In 1968 V. S. Naipaul declared the entire island “a mistake,” but noted a certain entrepreneurial flair: “the Anguillans (after chasing away an American and his DC-3) had set up three fiercely competitive little airlines of their own, Air Anguilla, Anguilla Airways, Valley Air Services, each with its own livery and its own five-passenger Piper Aztecs regularly doing the five-minute, five-dollar connecting hop from St. Martin.”
Today Anguilla’s beaches are lined with high-end resorts. Visiting Anguilla from neighboring Sint Maarten, the way most people do, sets up the shortest visit to a country you’ll probably ever have. In my case, between the passport stamp into Sint Maarten’s Princess Juliana Airport and the passport stamp out, around the corner at the Anguilla ferry dock, elapsed time was sixteen minutes. And in Anguilla I managed to find a retired revolutionary.
The way Stedman, now nearly 70, told the story over coffee with a bit of milk, Anguilla achieved home rule peacefully, but it didn’t come without drama. He spoke softly of his youth, when he read by kerosene lamps.
Once in a while St. Kitts would get a few new cars from England and eventually one or two of their old cars would make it over here to Anguilla. There were no paved roads back then, mostly just the sand and scrub that kept a plantation economy from taking root, so these cars were enormously exciting. His eyes sparkled at the memory.

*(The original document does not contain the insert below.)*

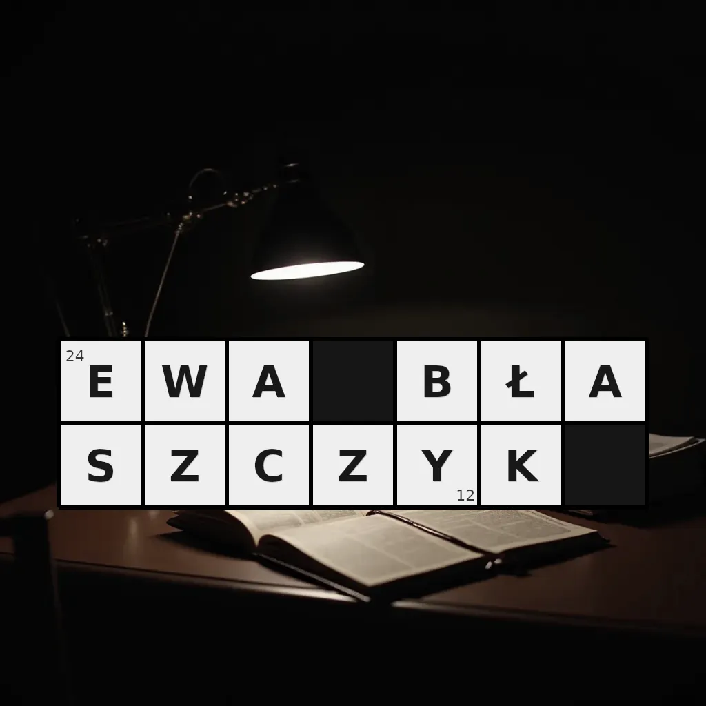 Słowo „ewa błaszczyk” ma 12 znaków (bez spacji i łączników).

It was clear all along to Stedman and his cohort that Kittians saw Anguillans as second class. Once Canada donated money to build a pier in Anguilla but the money was used to build it in St. Kitts instead. He said that when the Anguillans stood up to revolt, because he was a young man of around twenty he had no choice. He was a prime revolutionary.
They would demonstrate and they would strike and one tense morning England sailed in that ship full of armed men. This was the “Bay of Piglets.” In short order the Brits assumed positions all over the island.

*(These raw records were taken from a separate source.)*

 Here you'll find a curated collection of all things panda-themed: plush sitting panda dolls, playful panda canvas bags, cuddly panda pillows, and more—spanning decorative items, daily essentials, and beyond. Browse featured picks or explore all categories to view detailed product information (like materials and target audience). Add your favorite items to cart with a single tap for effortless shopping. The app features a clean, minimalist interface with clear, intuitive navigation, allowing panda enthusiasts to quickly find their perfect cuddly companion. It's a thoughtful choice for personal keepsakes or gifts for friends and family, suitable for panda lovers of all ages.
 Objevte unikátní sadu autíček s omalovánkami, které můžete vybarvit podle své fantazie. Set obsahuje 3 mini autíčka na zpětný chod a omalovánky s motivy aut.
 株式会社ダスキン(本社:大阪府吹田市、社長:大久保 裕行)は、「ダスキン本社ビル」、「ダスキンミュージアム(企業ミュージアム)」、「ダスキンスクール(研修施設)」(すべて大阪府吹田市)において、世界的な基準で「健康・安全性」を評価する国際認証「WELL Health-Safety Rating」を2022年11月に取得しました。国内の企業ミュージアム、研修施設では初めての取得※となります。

Stedman’s gentle voice grew a little louder and he rubbed his forehead and twisted his spoon as he told of the island’s most fateful day. Young men of Stedman’s age put down their tools (he worked in construction) all across the island and rallied to form rings around the troops.
In Stedman’s telling, once the Brits heard Anguilla’s demands, which were non-violent, just for dignity and home rule under England and not under St. Kitts, not a shot was fired in anger. The day the agreement was finally signed, December 19th, later became his wedding day. He’s been married for years now to a girl from St. Kitts.
When we met, Stedman had been in his job for three years, working for a resort. His day off was Monday, and naturally, he went to church before work on Sundays. (It looked to me like most of the good folks of Anguilla went to church, or at least enjoyed dressing up in their Sunday best.)
Eventually the Anguillans achieved their aim of reattaching themselves to the British empire. The Anguilla Act of 1971 put the island back under British control and in 1982 Anguilla formally became a dependent territory of the United Kingdom. And besides the growth of tourist resorts and a hurricane or two, not a lot has happened since.